As descobertas de Stanford se baseiam em dois métodos estatísticos com nomes técnico que parecem obscuros: análise de dados em painel e análise de controles sintéticos. Dados em painel tentam desmontar fenômenos sociais complexos — como o crime — estudando seus componentes menores e mais fáceis de medir, como taxas de encarceramento, níveis de contingente policial, pobreza, renda e densidade populacional.

Diferentes pesquisadores fizeram julgamentos distintos sobre quais fatores tinham mais poder de fazer o crime subir ou cair. Em vez de basear sua análise em um grupo de variáveis, a equipe de Stanford cobriu 37 anos de dados de crimes dispostos em quatro painéis: o favorito deles, chamado DAW; um desenvolvido pelo Brennan Center; o painel usado por John Lott em More Guns, Less Crime, e um quarto favorecido por dois pesquisadores pró-armas chamados Charlisle Moody e Thomas Marvel.

Projeções feitas com esses quatro painéis mostraram que estados RTC teriam quedas ainda maiores nos crimes violentos se não tivessem afrouxado suas leis de porte de armas. “Os dados do painel não deram nenhuma dica de que algo bom estava vindo do direito de porte”, disse Donohue.
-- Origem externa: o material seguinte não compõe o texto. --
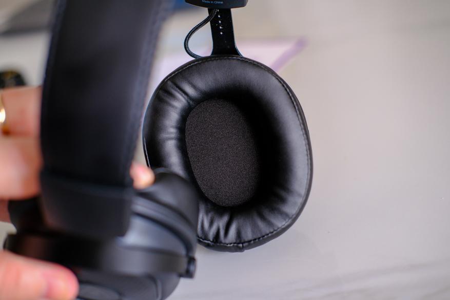 Прилегание к ушам сделано через мягкие амбушюры покрытые эко-кожей. Сами динамики прикрыты тканью.

Como no Texas, por exemplo. As projeções de Donohue descobriram que dez anos depois que o Estado da Estrela Solitária colocou seu RTC em vigor, os crimes violentos aumentaram em 16% do que seriam sem a lei, como mostra o gráfico abaixo. A linha pontilhada, rotulada “unidade de controle sintético”, é uma projeção do que poderia ter acontecido com as taxas de crimes violentos no Texas se o estado não tivesse afrouxado seu estatuto de porte, baseado numa composição de estados de demografia similar.

A única diferença entre as projeções usadas pelos estudiosos pró-armas e os outros dois painéis veio ao destacar as taxas de assassinatos. O principal propósito de cidadãos armados, na ideia da NRA e vendedores de armas, é incapacitar psicopatas antes que eles tirem vidas inocentes. Mas quando a equipe de Stanford rodou as fórmulas dos pesquisadores pró-armas, os gráficos mostraram que o RTC na verdade impulsionava as taxas de homicídio.

Os painéis DAW e do Brennan Center, por outro lado, mostraram que apenas violência não fatal seria mais baixa se os estados nunca tivessem optado pela rota do “Shall Issue”. E mostraram isso em todos os 33 estados onde rodaram a simulação, sem exceções.

Mas uma pesquisa melhor realmente significa um resultado melhor no mundo real?

Para essa questão, Donohue se baseia não em matemática sofisticada, mas em anos de experiência estudando a questão das armas. “Muita gente tem ideias fixas sobre armas”, ele disse. “É difícil influenciar seu pensamento.”

Donohue pode estar entendendo o desafio que eles e outros estudiosos enfrentam agora. Pesquisas sociológicas e antropológicas sugerem que o sentimento dos EUA em relação a armas de fogo e porte para defesa pessoal se baseiam em noções elementares como identidade e masculinidade, não em medidas empíricas de segurança conquistada ou perdida.

Ainda assim, legisladores e juízes são um tipo diferente de público que compradores de armas ou eleitores. Donohue espera que suas descobertas cheguem a esses olhos influentes.

“A Suprema Corte vai ter que acabar decidindo se há mesmo um direito ao porte de arma”, ele disse, falando um dia depois que juízes se recusaram a ouvir um desafio às leis de porte de armas restritivas na Califórnia. “O que eles vão fazer com essas evidências?”